Oldest widely attested Gaelic language

Old Irish, also called Old Gaelic (Goídelc; Sean-Ghaeilge; Seann-Ghàidhlig; Shenn Yernish or Shenn Ghaelg), is the oldest form of the Goidelic/Gaelic language for which there are extensive written texts. It was used from c. 600 to c. 900. The main contemporary texts are dated c. 700–850; by 900 the language had already transitioned into Early Middle Irish. Some Old Irish texts date from the 10th century, although these are presumably copies of texts written at an earlier time. Old Irish is the direct ancestor to Early Modern Irish, Manx Gaelic and Scots Gaelic.
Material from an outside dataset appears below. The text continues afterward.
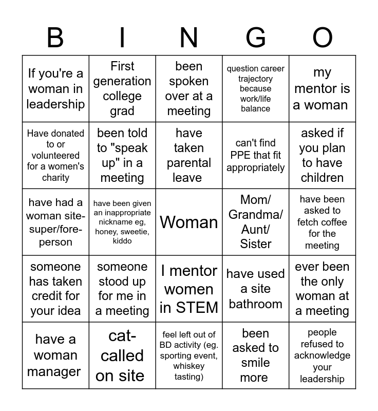 This bingo card has a free space and 24 words: someone stood up for me in a meeting, cat-called on site, have taken parental leave, have a woman manager, my mentor is a woman, If you're a woman in leadership, Have donated to or volunteered for a women's charity, First generation college grad, Mom/ Grandma/ Aunt/ Sister, I mentor women in STEM, can't find PPE that fit appropriately, have had a woman site-super/fore-person, have used a site bathroom, ever been the only woman at a meeting, been told to "speak up" in a meeting, been asked to smile more, have been asked to fetch coffee for the meeting, been spoken over at a meeting, asked if you plan to have children, have been given an inappropriate nickname eg, honey, sweetie, kiddo, people refused to acknowledge your leadership, someone has taken credit for your idea, question career trajectory because work/life balance and feel left out of BD activity (eg. sporting event, whiskey tasting).

Old Irish is known for having a particularly complex system of morphology and especially of allomorphy (more or less unpredictable variations in stems and suffixes in differing circumstances), as well as a complex sound system involving grammatically significant consonant mutations to the initial consonant of a word. Apparently, neither characteristic was present in the preceding Primitive Irish period, though initial mutations likely existed in a non-grammaticalised form in the prehistoric era.

Contemporary Old Irish scholarship is still greatly influenced by the works of a small number of scholars active in the late 19th and early 20th centuries, such as Rudolf Thurneysen (1857–1940) and Osborn Bergin (1873–1950).

==Notable characteristics==
Notable characteristics of Old Irish compared with other old Indo-European languages, are:
- Initial mutations, including lenition, nasalisation and aspiration/gemination.
- A complex system of verbal allomorphy.
- A system of conjugated prepositions that is unusual in Indo-European languages but common to Celtic languages. There is a great deal of allomorphy here, as well.
- Infixed or prefixed object prepositions, which are inserted between the verb stem and its initial prefix(es). If a verb lacks any such prefixes, a dummy prefix is normally added.
- Special verbal conjugations are used to signal the beginning of a relative clause.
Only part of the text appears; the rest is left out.